La sécurité des coopérants sous la loupe après l'attentat au Burkina Faso

Des jeunes creusant un canal d'irrigation au Costa Rica. (archives) Des jeunes creusant un canal d'irrigation au Costa Rica. (archives)  Photo :  Mi Hien Vuong

L'attentat à Ouagadougou, au Burkina Faso, dans lequel sont morts six Québécois en mission humanitaire, relance une fois de plus la question de la sécurité de ces travailleurs.

Le nombre de travailleurs humanitaires tués, blessés ou kidnappés est en augmentation depuis une dizaine d'années. Selon l'organisme Humanitarian Outcomes, chargé de recueillir des données à ce sujet, 329 travailleurs ont été victimes d'un de ces différents types d'attaques graves en 2014.

Selon la directrice générale de l'Association québécoise des organismes de coopération internationale, Michèle Asselin, certains groupes réfléchissent au déploiement de nouveaux travailleurs humanitaires.

Mme Asselin conseille à ceux qui songent toujours à rejoindre leurs rangs de se tourner vers des organismes reconnus. « C'est sûr qu'il faut faire attention. J'invite les gens qui partent, de partir avec des organismes qui ont des mesures de sécurité. Et ces organismes travaillent avec l'ambassade. »

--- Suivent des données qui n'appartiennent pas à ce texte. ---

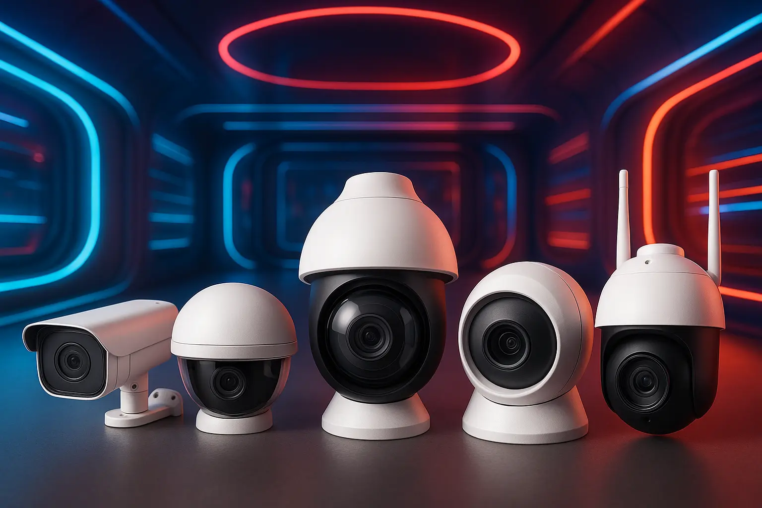 Os cinco principais modelos incluem câmeras dome, câmeras bullet, câmeras PTZ, câmeras de segurança sem fio e câmeras de segurança com fio.

Entrevue avec François Audet
« Les organisations que je qualifierais de professionnelles vont recruter des gens adéquats pour les postes sur le terrain. On va donc identifier un professionnel en fonction d'un besoin qu'on a identifié sur le terrain. Les organisations qui ne sont pas professionnelles vont identifier les gens à envoyer sur le terrain en fonction du désir de voyager des individus. Ce qui n'est évidemment pas la manière d'opérer. » — Le directeur scientifique de l'Observatoire canadien sur les crises et l'aide humanitaire et professeur à l'UQAM, François Audet

La directrice régionale pour l'Afrique au Centre d'étude et de coopération internationale, Carine Guidicelli, explique que sa trentaine de coopérants au Burkina Faso doivent respecter en tout temps plusieurs consignes de sécurité.

« Par exemple, effectivement, ils ne peuvent pas sortir dans des lieux publics. L'idéal c'est de toujours rentrer à la maison, et avant la nuit. Ils ne circulent pas, pas de déplacements après la tombée de la nuit. »

On recommande aussi d'éviter les hôtels des grandes bannières et de respecter les couvre-feux.

Oxfam a une quinzaine de coopérants au Burkina Faso. L'organisme n'envisage pas de rappeler ses équipes, mais convient que la tragédie secoue leurs pratiques.

« Cela oblige à une remise en question, mais on va faire ça en discussion avec le gouvernement canadien et avec nos gens sur le terrain pour s'assurer qu'on puisse continuer à être solidaire, entre autres avec le Burkina [Faso] », explique le directeur du programme de coopération internationale d'Oxfam Québec, Claude St-Pierre. Il admet par ailleurs que les projets en cours au Burkina Faso accuseront des retards.

En tout, dans le monde, il y aurait environ 450 000 travailleurs humanitaires.